8. The method of claim 7, wherein

data-units of the multi-data-unit signatures are reordered based on the second order, and

the database is sorted based on the first order.

9. The method of claim 7, further including

reordering data-units of the multi-data-unit signatures based on the second order, and

sorting the database based on the first order.

10. The method of claim 7, wherein

the second order corresponds to an inverse of the first order.

11. The method of claim 7, wherein

the search signature is based on contents of at least one of: an audio dataset, and a video dataset.

12. The method of claim 7, wherein

the database is configured to also include ancillary information related to the elements identified by the multi-data-unit signatures, and

the ancillary information includes at least one of: a title of the element, an author of the element, a performer of the element, a director of the element, and a producer of the element.

13. The method of claim 7, further including

storing the search signature in the database using a first-in first-out storage strategy.

14. A search system comprising:

a signature generator that is configured to produce a search signature having a first order of data units corresponding to a most-significant data-unit to least-significant data-unit order, and

a search engine that is configured to search a database for a select signature corresponding to the search signature, wherein

the search engine is configured to sequentially compare each data-unit of the search signature to a corresponding data-unit of the select signature based on a second order of data units that differs from the first order.

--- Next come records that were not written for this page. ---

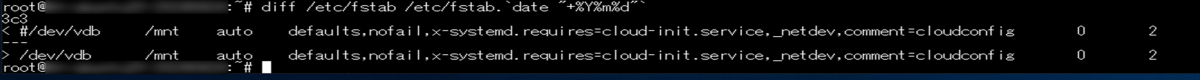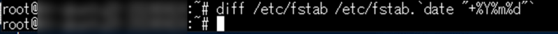 編集差分を確認します。# diff /etc/fstab /etc/fstab.`date “+%Y%m%d”`以下のように何も表示されないことを確認します。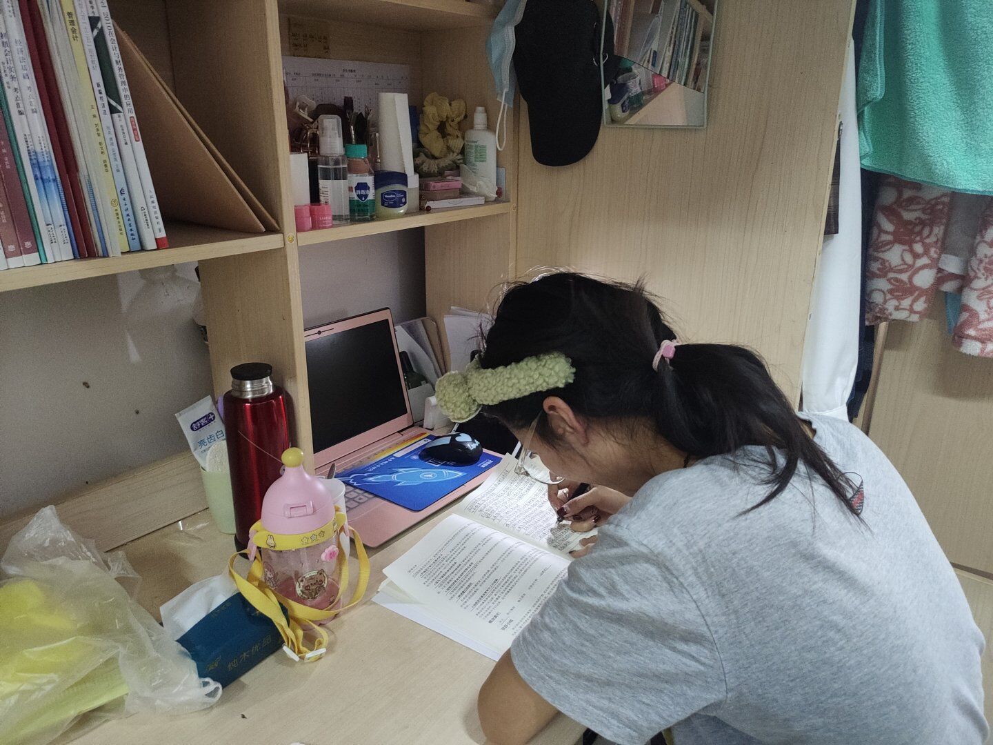 虽然大家不能坐在宽敞明亮的教室里上课,但是同学们学习热情并没有减退,也没有因此丧失对生活的热爱,反而以积极向上的心态去面对。同学们课间把对疫情消失的愿望绘画在纸张上,上课期间认认真真做好课堂笔记,宿舍学习氛围既舒适又充实,取得了良好的习效果。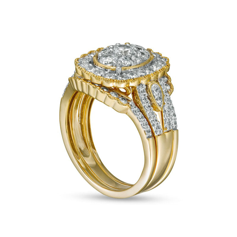 1.63 CT. T.W. Composite Natural Diamond Frame Scallop Edge Three Piece Bridal Engagement Ring Set in Solid 10K Yellow Gold

15. The search system of claim 14, wherein

the database is sorted based on the second order.

16. The search system of claim 14, further including

a sorter that is configured to sort the database based on the second order.

17. The search system of claim 14, wherein

the second order corresponds to an inverse of the first order.

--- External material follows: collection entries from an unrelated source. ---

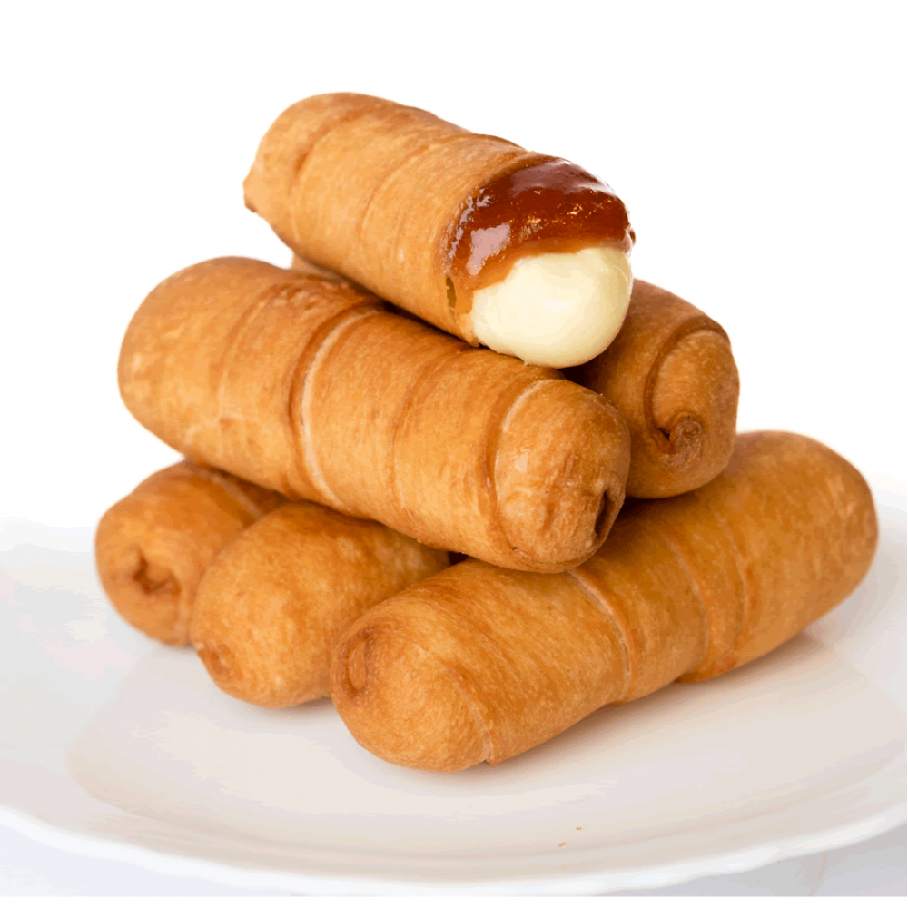 Palitos de queso y guayaba envueltos en masa de harina de trigo. Precocidos.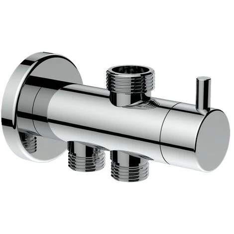 Deviatore di ricambio per colonna doccia Papete con codice SCACOL0061CR. L’articolo realizzato in ottone cromato lucido è dotato di rosetta coprimuro e attacchi universali da 3/4 x 1/2 x1/2 M.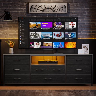 Wide 9 Drawer Dresser for Bedroom with LED Lights Power Outlets Black Fabric Storage Chest 63 Inch Media Console TV Stand for 75 Inch TV Wooden Top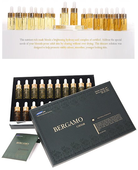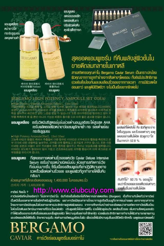 2. Bergamo Caviar Serum ขวดสีแดง High Potency Ampoule [Red] 13 ml. (1ea) เป็นแอมพูเข้มข้น มีวิตามินเข้มข้นที่อยู่ในสารสกัดจากไข่ปลาคาเวียร์ กระตุ้นให้เซลล์ผิวทำงานได้ดี และสร้างภูมิต้านทานต่อการระคายเคืองจากภายนอก ช่วยให้ผิวมีชีวิตชีวาและเปล่งปลั่งเหมือนผิวของเด็กทารก และปรับริ้วรอยแผลที่เกิดจากหลุมสิวให้เรียบเนียนสว่างขาวใสด้วยธาตุแร่ต่างๆจากไข่ปลา

18. The search system of claim 14, wherein

the search signature is based on contents of at least one of: an audio dataset, and a video dataset.

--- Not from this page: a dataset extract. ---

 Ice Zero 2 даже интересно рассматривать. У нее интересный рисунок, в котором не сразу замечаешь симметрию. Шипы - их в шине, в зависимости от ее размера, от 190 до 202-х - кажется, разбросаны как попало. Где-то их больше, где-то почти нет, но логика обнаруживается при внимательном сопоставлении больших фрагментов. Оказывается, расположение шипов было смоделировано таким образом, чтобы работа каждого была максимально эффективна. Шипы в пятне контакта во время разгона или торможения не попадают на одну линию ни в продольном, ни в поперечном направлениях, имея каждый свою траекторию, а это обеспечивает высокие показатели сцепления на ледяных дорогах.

19. The search system of claim 14, wherein

the database is configured to also include ancillary information related to an element identified by the select signature, and

the ancillary information includes at least one of: a title of the element, an author of the element, a performer of the element, a director of the element, and a producer of the element.

20. A search system comprising:

a signature generator that is configured to produce a search signature having a first order of data units corresponding to a most-significant data-unit to least-significant data-unit order,

a data-unit reorderer that is configured to reorder data-units of the search signature based on a second order of data units that differs from the first order, and

a search engine that is configured to search a database for a select signature corresponding to the search signature, wherein

the search engine is configured to sequentially compare each data-unit of the search signature to a corresponding data-unit of the select signature based on the first order.

21. The system of claim 20, wherein

data-units of the select signature are reordered based on the second order, and

the database is sorted based on the first order.

22. The system of claim 20, wherein

the data-unit reorderer is further configured to reorder data-units of signatures in the database based on the second order, and

the system further includes a sorter that is configured to sort the database based on the first order.

23. The system of claim 20, wherein

the second order corresponds to an inverse of the first order.

24. The system of claim 20, wherein

the search signature is based on contents of at least one of: an audio dataset, and a video dataset.

25. The system of claim 20 wherein

the database is configured to also include ancillary information related to an element identified by the select signature, and

the ancillary information includes at least one of: a title of the element, an author of the element, a performer of the element, a director of the element, and a producer of the element.